On Tuesday, the Baseball Writers' Association of America made it official. Adrian Beltré, Joe Mauer, and Todd Helton were all elected to the Baseball Hall of Fame and will be immortalized with a bust in Cooperstown later this year. Former Houston Astros' closer Billy Wagner fell just five votes short with one year remaining on the ballot.
There's been debate among Reds fans and the national media about whether or not Votto's résumé is good enough to be included among the best of all-time. After seeing Helton get in, the debate is over. And after seeing Mauer get in during his first year on the ballot, that only increases the chances that Votto will get in during his first year of eligibility.

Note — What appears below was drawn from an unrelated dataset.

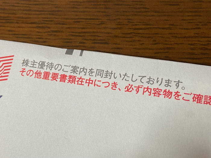 封筒には「株主優待のご案内を同封いたしております。」とありますが私は単元未満株主ですので。。。
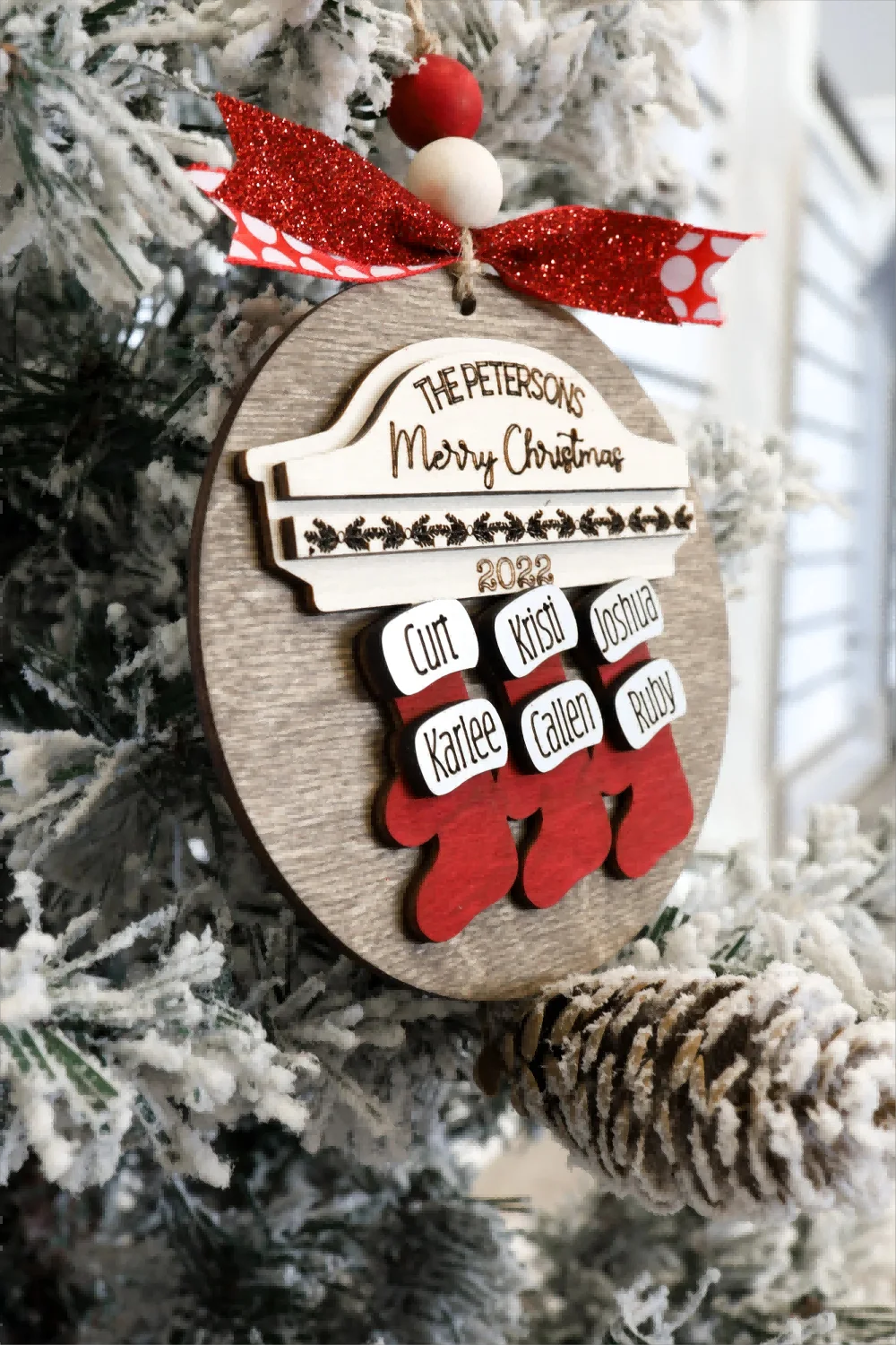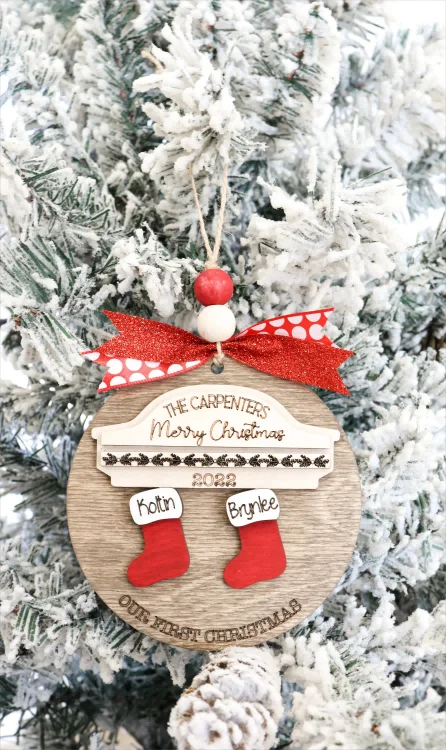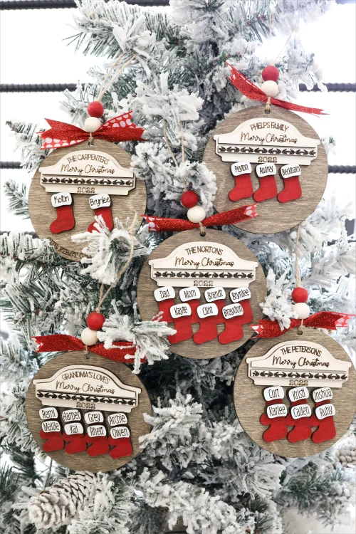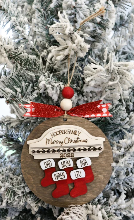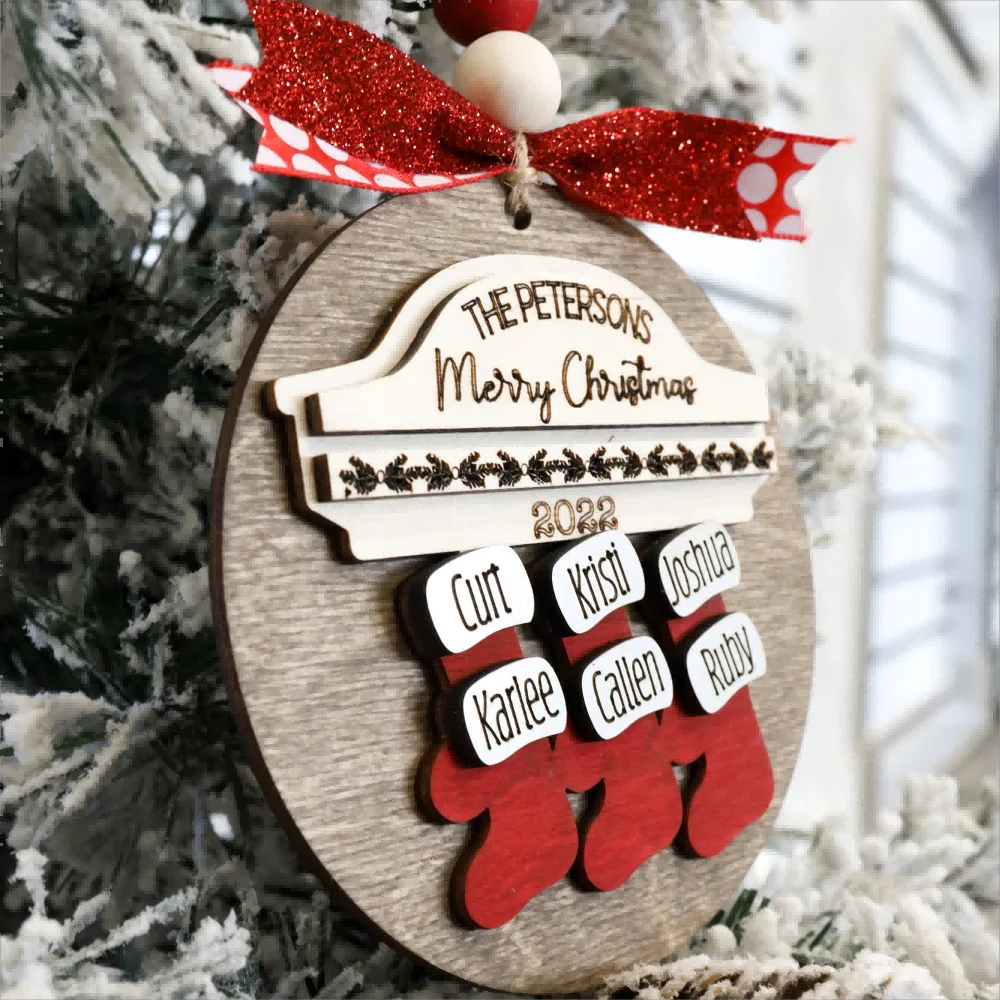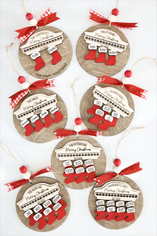Custom 2024 Family Name Stockings Ornaments Laser Cut Digital Christmas Personalized Ornaments Family Christmas Ornaments

With Todd Helton & Joe Mauer in, Joey Votto's Hall of Fame career is solidified
Throw out everything you thought you knew about the Baseball Hall of Fame. Ken Griffey came within three votes of being the first-ever player to receive 100-percent of the votes in 2016, and Mariano Rivera broke through with a unanimous selection three years later.
It's also no longer impossible for Hall of Fame-worthy players to get in on their first try. Mauer was a very good player during his time in the big leagues, but when you put his résumé up against fellow Hall of Famer Ivan Rodriguez, there's no question who the better player was. But both catchers were elected to Cooperstown on the first ballot.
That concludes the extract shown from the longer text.